Not having to sacrifice optimistic belief for the capacity to doubt was something she felt very proud of once she had crossed into what she considered adult years proper. Too many people she’d met had fallen into the trap of cynicism and affected sarcastic tones they thought made them sound worldly and modern. She watched too many of her friends beaten by these cynical soldiers and forced to surrender to the jaded tincture forced upon them. She watched them struggle and tire in the mire of a world valuing pace over mastery until they could struggle no more and joined the ranks of those corrupted not by the ease of cynicism but by the weight of indifference.
Despite this, the attrition was not complete. Those with whom she was willing– if not eager– to share a meal reciprocated the thanks for such a rare commodity. The occasional clash of ideologies or stylistic differences never threatened because they were never dire. It was an envious dance of vulnerability capable of violence, the beauty woven into the hesitancy of either to exercise said capability. It was these few she studied, who helped build her reality in such a way that she could maneuver fantasy as instinct. To be able to deliberate to the end without moving, the self-debate out loud that prompted many to question the need for volume to which she would reply that she had to believe it, and without the theatrics, there could be no conviction.

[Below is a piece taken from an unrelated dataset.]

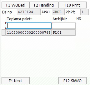 Yuxarıdakı ekran görüntüsü məhsul toplamanın ilkin, palet yaratma ekranıdır. Bu addımda, toplanacaq məhsulu nəyə (adətən palet olur) yığacağımıza qərar verərək, həmin birimi sistemdə yaradırıq. Biz, nümunə olaraq 11020000000200000765 nömrəli 1 ədəd palet yaratdıq. Növbəti addımlarda təslimatdakı məhsulları həmin paletin içinə toplayıb, paleti paketləyib, 1 palet formasında müştəriyə göndəririk.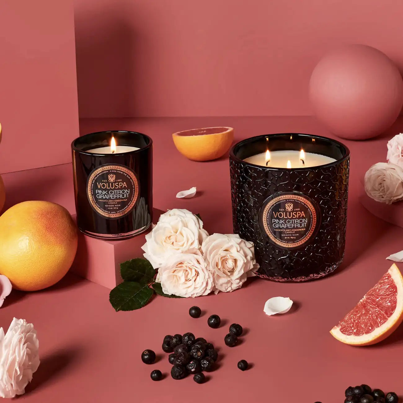 The Maison Noir Collection showcases fragrances from rich woods and exotic spices to lush, romantic florals. Each carefully curated scent is designed to create a distinctive ambiance, gently enhancing moments of relaxation, entertainment, or contemplation. Ideal for gifting or personal indulgence, Voluspa's Maison Noir products effortlessly elevate interiors, creating an inviting atmosphere that resonates with refined elegance and sensory pleasure. Embrace the captivating sophistication of Maison Noir and allow each fragrance to turn ordinary moments into memorable sensory experiences.

It was an awed existence for which she never failed to give thanks. The flutter of her soul was never greater than when she heard talk of a view devoid of character and shape. Here was where the souls took to task in plain view of a world forgetting how to witness the sun. There was no lie to the reality; it was the decoration of an indulgent whimsy that had breathed deeply and easily for years. Vice and virtue did not vie for preference in expression, only as tools of the practice. It was not a vanity exercise, much less an smothered hope for what might’ve been. Where her pen went, only the recounting of beauty and death and hurt and joy and unmeasured, unfettered desire or unrequited love followed, each an eager servant as they were viewed fully, as whole entities allowed their own definition of purpose, the true nature of their drive. She loved to watch as the blankness of a page gave way to its own world. She loved that she was allowed the privilege of the vessel. If they coincided with some flesh she had touched or a scent floating by her nose that might’ve prophesied something to pass, that was little more than the serendipitous marvel that story provided.